Dear Lamarcus,

My goldfish roommate hates when people tap on his tank. The tapping sound he hears in the water is loud and scary.

I talked with my friend Rikeem Sholes about how fish hear. He’s a fish scientist. He studies salmon hearing at Washington State University.

He told me that a fish’s hearing system includes sensory cells in the inner ear and in a line along the outside of the fish’s body and head. Some fish also use their swim bladder to have super hearing.

“A lot of people don’t realize that fish have ears,” Sholes said. “Fish don’t have external ears like we do. But they do have an inner ear that looks a little different from ours.”

Your external ear is the flappy part attached to your head. It helps you collect sounds from the air. But the sounds fish hear travel through water. So, fish ears are under their skin.

Three dense stones sit inside a fish’s ear—called otoliths or ear stones. They’re made of calcium carbonate just like bones.

Tucked under those ear stones are sensory cells called hair cells. They’re not really hair. They just look like tufts of hair under a microscope. Hair cells send electrical signals to the fish’s brain.

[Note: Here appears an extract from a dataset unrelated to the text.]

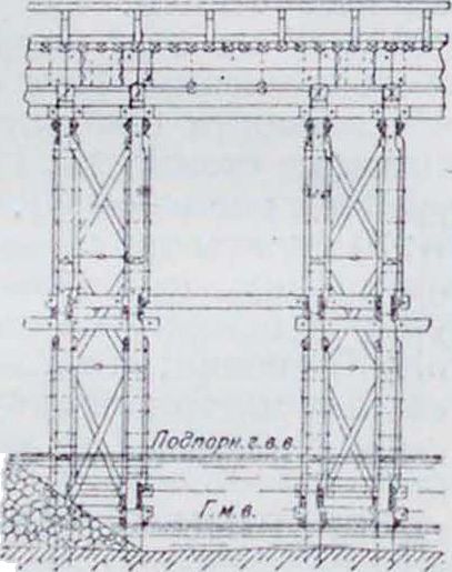 Опоры деревянных мостов с фермам и делаются свайные, рамные, ряжевые или каменные. В последнем случае деревянное пролетное строение укладывается временно вместо металлического или железобетонного. Свайная опора состоит из нескольких рядов свай. Для придания устойчивости служат боковые подкосы и схватки. Ряж представляет собой ящик с вертикальными стенками и сквозным полом. Все стены ряжа образованы венцами из горизонтально уложенных бревен, скрепленных в углах врубками (смотрите); верхние и нижние постели этих бревен стесаны для достижения большей плотности швов. Стенки ящика соединяют горизонтальн. распорками, образующими как бы вертикальные сквозные перегородки. Для укрепления стен ряжа ставят стойки. Ряж заполняют камнем.

Sound moves through the water and into the fish’s body as a vibration. The vibration hits the ear stones and makes them move. As they move, the hair cells under the ear stones bend. When they bend, they send electrical signals to the brain. The brain uses that signal to understand what sound it’s hearing and where the sound comes from.

Fish also have hair cells on the outside of their bodies. They circle around a fish’s head and eyes. They make a long row down the fish’s side called the lateral line.

The hair cells of the lateral line are like feelers. As a fish swims, the water can bend those hair cells. That sends a signal to the fish’s brain—just like the hair cells in their ears do. The lateral line helps fish swim in a school. It also helps them detect prey or predators.

This is part of the lateral line. Scientists can use a special dye to make hair cells and their support cells glow when the right kind of light shines on them. Then they can see them under a microscope.

 

Some fish can hear extra well, thanks to their swim bladder. That’s a sack of gas in the middle of a fish’s body—like a balloon. It helps a fish float or sink depending on how much air is inside it. That’s how a fish moves up or down in the water.

Some fish have a connection between their swim bladder and their ears. For them, the swim bladder amps up sound vibrations that hit the ear stones.

“It amplifies their ability to hear—like super hearing,” Sholes said.

Maybe that’s why tapping bothers my goldfish so much. We can protect our fish friends by being careful about the human-made sounds they hear in enclosures and in the wild. Thinking about how we affect other animals and ecosystems helps us all get along swimmingly.